A défaut d’avoir un style, reconnaissons que Soderbergh a du style. Certes, le lien n’est pas évident à faire entre L’Anglais, son précédent film, mécanique subtile où un fantasme cinéphilique se greffait sur une intrigue policière pour donner un objet étrange assez déroutant, et Erin Brockovich aux intentions plus grossières, mais d’où se dégagent un ton, un charme. Son statut d’auteur, Soderbergh l’affirme moins dans une récurrence de thèmes, un approfondissement de ses préoccupations que dans une manière faussement désinvolte d’aborder ses sujets, un tremblé constant pour saisir histoires et personnages, un manque d’assurance érigé en principe de mise en scène, comme si, ce qui l’intéressait, se jouait toujours dans le flottement entre l’apparente banalité des situations et les choix de cinéma adoptés pour en rendre compte.

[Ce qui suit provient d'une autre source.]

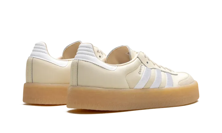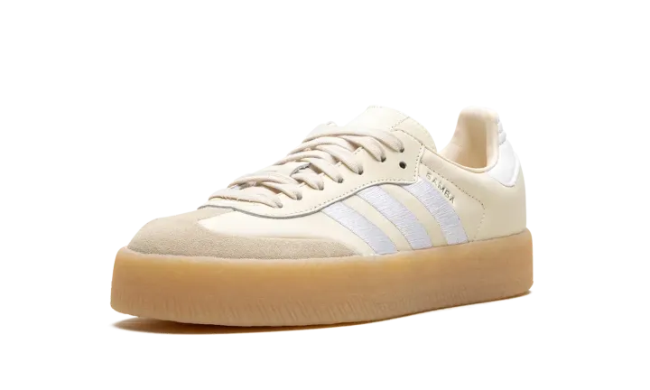 The Women's adidas Sambae "Wonder White/Gum" is a women's-exclusive colorway of the alternate version of the retro shoe. Based on the adidas Samba OG model, the adidas Sambae features contemporary details such as a thick rubber midsole that gives the shoe a platform-style appearance. Here, the upper has a Wonder White leather construction with oversized white embroidered Three Stripes on the sides. A white leather panel appears on the heel, while classic adidas branding can be found on the tongue. The platform sole in gum rubber completes the look.

On retrouve dans Erin Brockovich la touche Soderbergh. D’abord, la revisitation d’un genre : ici, le film-enquête, dans sa version Alan J. Pakula, est l’occasion d’un touchant portrait de femme. Si ce que raconte le film -Erin, seule contre tous- n’est guère passionnant, la tentative de toujours lier les efforts professionnels du personnage à l’évolution de sa vie personnelle et intime finit par créer un rythme et un intérêt. On aurait tort de considérer comme secondaire la peinture du monde du travail dans lequel évolue Erin : ses relations avec son patron -le drôlissime Albert Finney-, avec ses collègues, avec les professionnels du monde de la justice l’accueillant avec réticence. En dépit de leur inscription dans le registre de la comédie, ces scènes apportent une épaisseur sensible au personnage en même temps qu’elles offrent un éclairage quasi documentaire sur quelques travers de la société américaine du travail, déchirée entre l’obsession de l’apparence – la plastique d’Erin – et la passion de l’efficacité qui selon son patron, au début du film, ne peut se concilier avec une tenue sexy. De même, le retour au foyer du personnage, pris et harassé par ses engagements professionnels et qui a délégué ses tâches de mère à un motard -belle inversion des rôles-, est filmé avec beaucoup de justesse. C’est que, malgré une intrigue qui offre peu de surprises, Soderbergh a sa manière de regarder. On décèle dans Erin Brockovich cette saisie brusque des gestes les plus élémentaires et des scènes les plus simples, ce ton décalé qui sait rendre compte d’un détail et en véhiculer le sens. Un charme.